Pela proposta apresentada, contudo, o segundo membro apenas se tornará elegível se, somando a renda do BPC recebida pelo primeiro membro à renda familiar, o critério de renda familiar per capita inferior a ¼ de salário mínimo também for satisfeito.

Assim, se em determinada família houver apenas dois membros, não será possível que ambos recebam o benefício.

As mudanças nas regras para a concessão do BPC é um dos pontos que geram maior atrito entre o governo e o Congresso Nacional.
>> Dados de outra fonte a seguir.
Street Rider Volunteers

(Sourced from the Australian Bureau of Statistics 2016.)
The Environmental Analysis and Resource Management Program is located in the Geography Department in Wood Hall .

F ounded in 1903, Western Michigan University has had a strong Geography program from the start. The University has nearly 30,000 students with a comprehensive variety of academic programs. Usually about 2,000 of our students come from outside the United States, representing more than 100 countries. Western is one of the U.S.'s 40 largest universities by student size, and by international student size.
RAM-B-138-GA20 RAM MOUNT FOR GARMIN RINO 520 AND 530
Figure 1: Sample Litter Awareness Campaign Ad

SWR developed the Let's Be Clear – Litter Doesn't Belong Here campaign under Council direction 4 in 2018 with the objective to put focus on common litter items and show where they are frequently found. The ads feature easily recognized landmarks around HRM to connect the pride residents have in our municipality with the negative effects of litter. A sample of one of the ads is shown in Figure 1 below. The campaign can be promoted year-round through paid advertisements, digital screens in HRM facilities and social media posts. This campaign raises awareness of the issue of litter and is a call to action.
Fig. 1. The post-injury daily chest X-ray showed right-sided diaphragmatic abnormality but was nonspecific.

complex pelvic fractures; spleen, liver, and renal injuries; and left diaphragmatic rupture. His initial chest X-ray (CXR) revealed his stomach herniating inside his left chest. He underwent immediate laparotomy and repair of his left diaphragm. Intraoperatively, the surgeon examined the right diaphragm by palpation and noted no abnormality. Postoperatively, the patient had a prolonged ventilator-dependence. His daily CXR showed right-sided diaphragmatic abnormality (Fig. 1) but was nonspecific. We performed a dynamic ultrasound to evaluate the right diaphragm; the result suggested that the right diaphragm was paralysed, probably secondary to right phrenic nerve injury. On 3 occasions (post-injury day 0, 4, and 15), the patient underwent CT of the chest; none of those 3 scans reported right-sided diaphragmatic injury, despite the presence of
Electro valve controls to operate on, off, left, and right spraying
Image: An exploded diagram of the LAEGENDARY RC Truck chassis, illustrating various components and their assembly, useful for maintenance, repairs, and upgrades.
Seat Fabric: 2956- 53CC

Líderes de 13 partidos já anunciaram que barrarão mudanças no BPC e na aposentadoria rural propostas pela Reforma da Previdência.

Por isso, na contramão daquilo que defende o governo, no dia 03 de abril de 2019, a Comissão de Assuntos Sociais do Senado aprovou projeto de lei (PLS 374/2018) que eleva o limite da renda familiar que habilita ao recebimento do Benefício de Prestação Continuada, o BPC. De autoria do senador Dalirio Beber (PSDB-SC), a proposta altera a Lei Orgânica da Assistência Social para considerar, como incapaz de prover sua manutenção, a pessoa com deficiência ou idosa, cuja renda mensal per capita seja inferior a três quintos do salário mínimo nacional - o equivalente, atualmente, a R$ 598,80. A matéria ainda irá à Comissão de Assuntos Econômicos. 

Cumpre, por fim, ressaltar o relevante papel que os programas assistenciais têm desempenhado no combate à pobreza e à miséria no Brasil, permitindo a garantia do mínimo existencial. Esses programas asseguram condições mínimas de dignidade a todos aqueles que, por serem idosos ou deficientes, não têm oportunidade de se inserir no mercado de trabalho. A existência digna deve ser algo comum a todos os indivíduos que não conseguem obter seus próprios recursos e do seu núcleo familiar, devendo ser amparados pelo Estado. Trata-se, portanto, da própria materialização do princípio da solidariedade, um dos pilares da Constituição Federal, em que a coletividade ampara aqueles que não detém as mesmas condições de competir no já escasso mercado de trabalho, em que não há sequer vagas para aqueles que detém plenas condições laborais.

Portanto, o tema acerca das alterações relativas ao BPC deve ser tratado com extrema cautela, pois a rede de proteção oferecia pela assistência social, na qual o BPC se encontra imerso, é direcionada para a camada mais necessitada da população. Assim, a concessão de um benefício, ainda que em valor mínimo, coloca esses cidadãos na qualidade de merecedores de atenção e de tratamento igualitário perante o Estado e às demais pessoas, garantindo condições existenciais mínimas para uma vida digna e saudável.